Paul Marshall, Rupert and Lachlan Murdoch and, indeed, Vladimir Putin might have campaigned openly to change the UK’s media law. There is a case for doing so. The codes governing broadcasting impartiality come from a time of spectrum scarcity. When it was only possible for a few channels to broadcast – there were just four in the 1980s – it made sense to insist on impartiality and neutrality. Since the arrival of cable TV and the net, the argument that running a TV station is a rare privilege which brought with it public service responsibilities has weakened.
A free-speech liberal or a conservative libertarian can now say that there is no technological reason why TV and radio stations should not be as biased, dumb, and cranky as the press, YouTube, or Twitter.

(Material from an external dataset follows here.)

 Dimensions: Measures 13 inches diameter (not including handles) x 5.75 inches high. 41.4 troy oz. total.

But even in the 2020s good reasons for defending broadcasting impartiality remain. The first is that running a TV station is a rapaciously expensive game to play, in which the fortunes of the Murdochs and the Marshalls have a distinct advantage, as does state backing from the Russian, Iranian and Chinese regimes.

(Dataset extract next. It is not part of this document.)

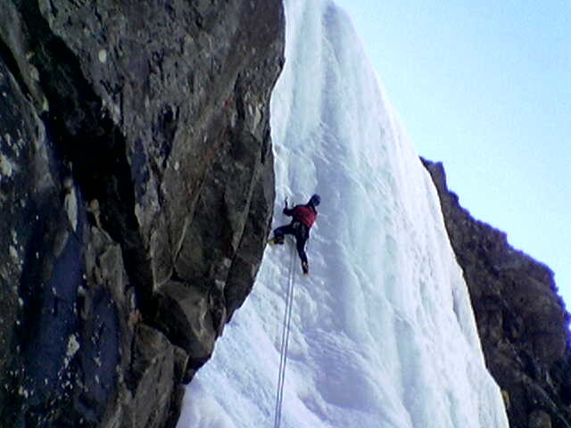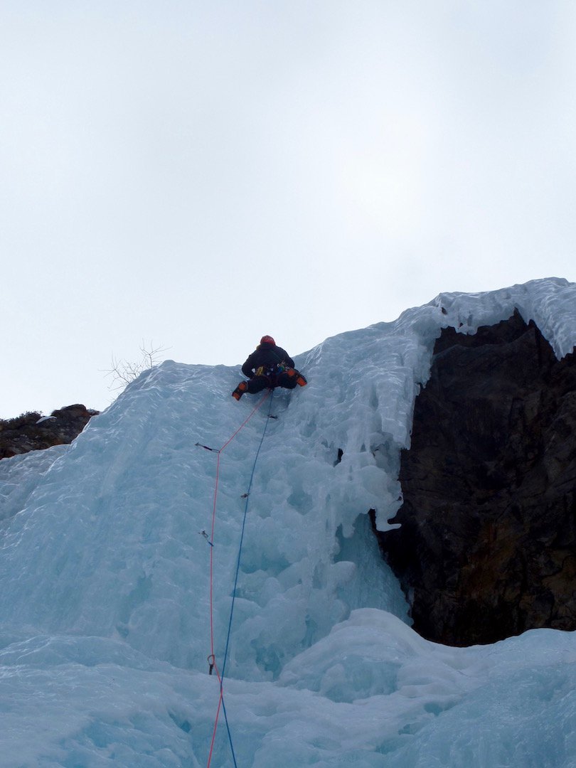 Il colonnato si può salire centralmente 30 m 85/90° oppure all’estrema dx (vicino alla roccia), stesse difficoltà ma meno estetico, entrambe le soluzioni sono di grande soddisfazione.
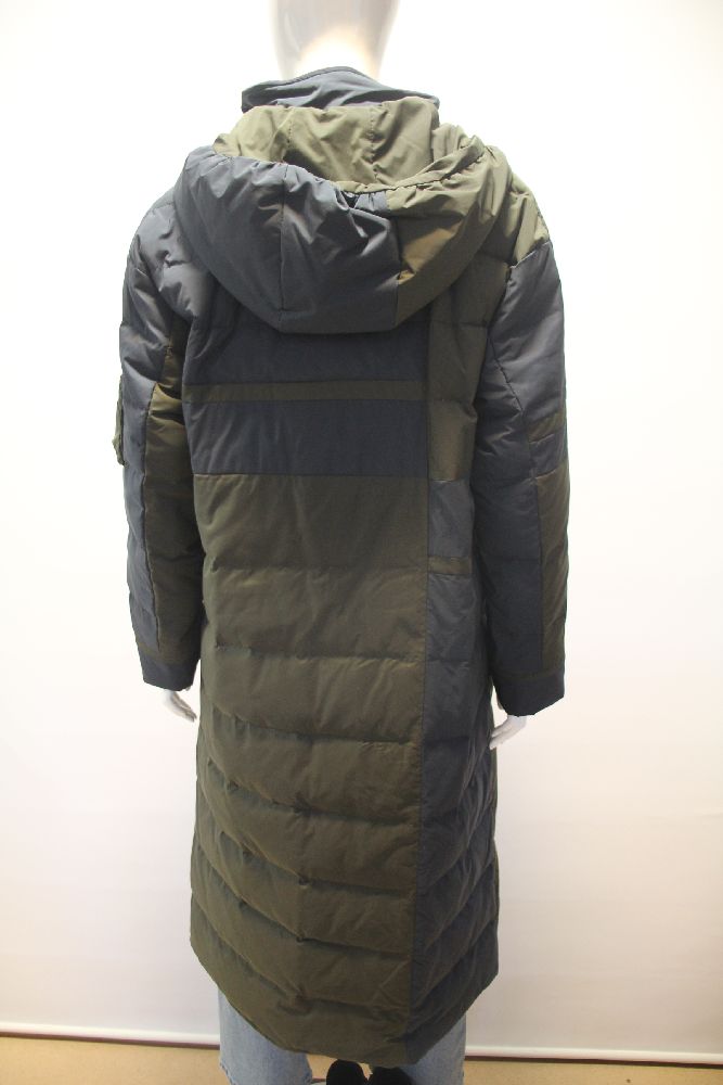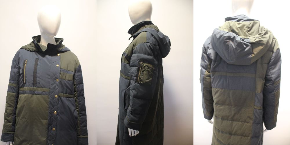色での切り替えがポイントのダウンコート。 ダーク系カラーでのバランスが絶妙でお洒落に仕上がってます。 フードは取り外し可能、襟にはワイヤーを使用しているので、立てる事もできます。 |

A second reason to defend due impartiality is better to my mind and more elemental. This is how we do broadcast news in this country. It’s our tradition. It’s our culture, and has been since the 1920s, and as things stand it is the law.
The regulators will not enforce the law because they have been captured. They have been captured ideologically, as you can gather if you listen to Melanie Dawes, Ofcom’s chief executive, talk about the UK’s wonderfully “diverse” broadcasting. The poor thing seems to genuinely believe that Russian and right-wing propaganda is justifiable in the name of diversity. But my guess is that fear rather than diversity and inclusion is her main concern.
Ofcom’s fines are so pathetic no oligarch or dictatorial state need worry about them. When, that is, Ofcom can even be bothered to demand fines. After GB News issued vaccine misinformation that might have killed people, Ofcom imposed no sanctions but “arranged a meeting with GB News to discuss its approach to compliance". Christ but that must have had the leaders of the media right quaking in their boots.
But even if the regulators could pluck up the courage to enforce the law, they would run huge risks in the courts. Thirteen years (and counting) of Conservative rule has left a huge imbalance of force between regulators and wealth, whether in its corporate or hostile state form. Russia Today constantly threatened Ofcom with legal actions And every time it did, the regulators had to decide whether to risk the costs of fighting and losing a case in the English courts.
The intimidatory effect of outrageous legal costs is underacknowledged. Regulators in a diminished public sphere are up against opponents with the best and most unscrupulous lawyers and virtually unlimited funds. For regulators as for most UK citizens, the risks of losing a case are too great to contemplate.
The National Crime Agency, to quote one example, lost one third of its anti-corruption budget after it failed to enforce an “unexplained wealth order” against a Kazakh family living in London. A third of its budget gone because of just one case.
As I have said before, I cannot believe that Labour politicians with the spectacle of Fox News and Donald Trump before their eyes will allow GB News and Talk TV to carry on tearing up broadcasting law. Nor should they. The British right claims to be patriotic but it is threatening one of the strenghts of British culture. It is time for the left to stand up for what is best about Britain.